Start of Provided entries
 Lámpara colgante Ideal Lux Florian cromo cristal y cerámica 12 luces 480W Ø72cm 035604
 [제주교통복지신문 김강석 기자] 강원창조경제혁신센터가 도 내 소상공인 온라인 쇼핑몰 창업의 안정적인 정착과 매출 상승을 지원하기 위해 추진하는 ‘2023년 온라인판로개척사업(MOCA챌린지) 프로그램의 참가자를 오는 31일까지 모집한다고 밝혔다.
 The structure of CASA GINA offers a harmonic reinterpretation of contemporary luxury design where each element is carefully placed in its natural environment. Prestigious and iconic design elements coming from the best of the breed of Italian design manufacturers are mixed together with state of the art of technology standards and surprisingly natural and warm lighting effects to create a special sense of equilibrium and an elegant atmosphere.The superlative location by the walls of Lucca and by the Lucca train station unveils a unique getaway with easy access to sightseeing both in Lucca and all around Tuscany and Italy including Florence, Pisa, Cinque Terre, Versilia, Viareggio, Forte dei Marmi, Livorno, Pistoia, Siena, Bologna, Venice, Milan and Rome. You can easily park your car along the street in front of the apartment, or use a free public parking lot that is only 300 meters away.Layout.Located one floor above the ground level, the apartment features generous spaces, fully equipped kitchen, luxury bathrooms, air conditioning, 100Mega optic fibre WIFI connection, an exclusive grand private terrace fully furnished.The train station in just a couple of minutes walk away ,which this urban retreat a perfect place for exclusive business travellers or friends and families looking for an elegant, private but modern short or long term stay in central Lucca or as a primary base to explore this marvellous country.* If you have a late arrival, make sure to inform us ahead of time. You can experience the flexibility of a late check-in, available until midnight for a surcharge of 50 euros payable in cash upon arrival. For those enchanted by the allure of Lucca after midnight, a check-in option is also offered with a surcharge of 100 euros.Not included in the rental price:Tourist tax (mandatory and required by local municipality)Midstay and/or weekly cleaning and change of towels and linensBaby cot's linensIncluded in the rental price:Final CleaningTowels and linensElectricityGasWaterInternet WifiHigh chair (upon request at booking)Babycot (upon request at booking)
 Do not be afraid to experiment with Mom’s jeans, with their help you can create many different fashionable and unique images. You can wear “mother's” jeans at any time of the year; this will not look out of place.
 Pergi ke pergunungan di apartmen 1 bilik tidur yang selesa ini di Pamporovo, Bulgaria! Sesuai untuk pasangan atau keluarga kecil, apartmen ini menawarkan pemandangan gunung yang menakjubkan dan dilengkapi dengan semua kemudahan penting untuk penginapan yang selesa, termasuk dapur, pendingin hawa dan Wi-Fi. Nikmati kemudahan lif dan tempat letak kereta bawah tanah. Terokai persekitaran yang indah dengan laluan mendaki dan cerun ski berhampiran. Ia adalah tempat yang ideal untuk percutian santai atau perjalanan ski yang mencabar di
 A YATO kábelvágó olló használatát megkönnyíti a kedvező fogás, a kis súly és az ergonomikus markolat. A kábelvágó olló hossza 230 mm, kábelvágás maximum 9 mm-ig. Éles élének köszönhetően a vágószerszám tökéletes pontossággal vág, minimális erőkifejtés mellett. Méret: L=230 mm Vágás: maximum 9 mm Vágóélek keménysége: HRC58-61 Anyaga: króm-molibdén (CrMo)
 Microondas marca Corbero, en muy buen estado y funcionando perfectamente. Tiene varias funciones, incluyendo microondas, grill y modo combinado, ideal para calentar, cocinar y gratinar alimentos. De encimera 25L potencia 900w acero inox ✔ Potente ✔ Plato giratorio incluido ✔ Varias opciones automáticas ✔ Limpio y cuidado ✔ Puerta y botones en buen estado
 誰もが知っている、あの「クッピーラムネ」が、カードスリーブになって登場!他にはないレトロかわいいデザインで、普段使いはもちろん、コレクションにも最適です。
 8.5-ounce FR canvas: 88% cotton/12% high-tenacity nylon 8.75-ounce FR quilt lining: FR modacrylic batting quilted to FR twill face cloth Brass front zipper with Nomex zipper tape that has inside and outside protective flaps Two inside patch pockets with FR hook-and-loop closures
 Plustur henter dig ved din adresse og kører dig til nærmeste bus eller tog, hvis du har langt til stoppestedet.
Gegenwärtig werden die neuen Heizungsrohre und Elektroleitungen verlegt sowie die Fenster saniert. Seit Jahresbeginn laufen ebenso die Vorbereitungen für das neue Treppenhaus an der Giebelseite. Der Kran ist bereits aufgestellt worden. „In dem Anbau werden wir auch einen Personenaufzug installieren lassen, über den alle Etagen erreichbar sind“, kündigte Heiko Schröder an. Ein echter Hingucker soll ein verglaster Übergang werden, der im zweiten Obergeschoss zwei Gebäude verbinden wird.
End of Provided entries
*Exercise description*
Restate, word for word, the listing above from its first line through the line that contains "[제주교통복지신문 김강석 기자]", keeping both of those lines.

*Answer space*
 Lámpara colgante Ideal Lux Florian cromo cristal y cerámica 12 luces 480W Ø72cm 035604
 [제주교통복지신문 김강석 기자] 강원창조경제혁신센터가 도 내 소상공인 온라인 쇼핑몰 창업의 안정적인 정착과 매출 상승을 지원하기 위해 추진하는 ‘2023년 온라인판로개척사업(MOCA챌린지) 프로그램의 참가자를 오는 31일까지 모집한다고 밝혔다.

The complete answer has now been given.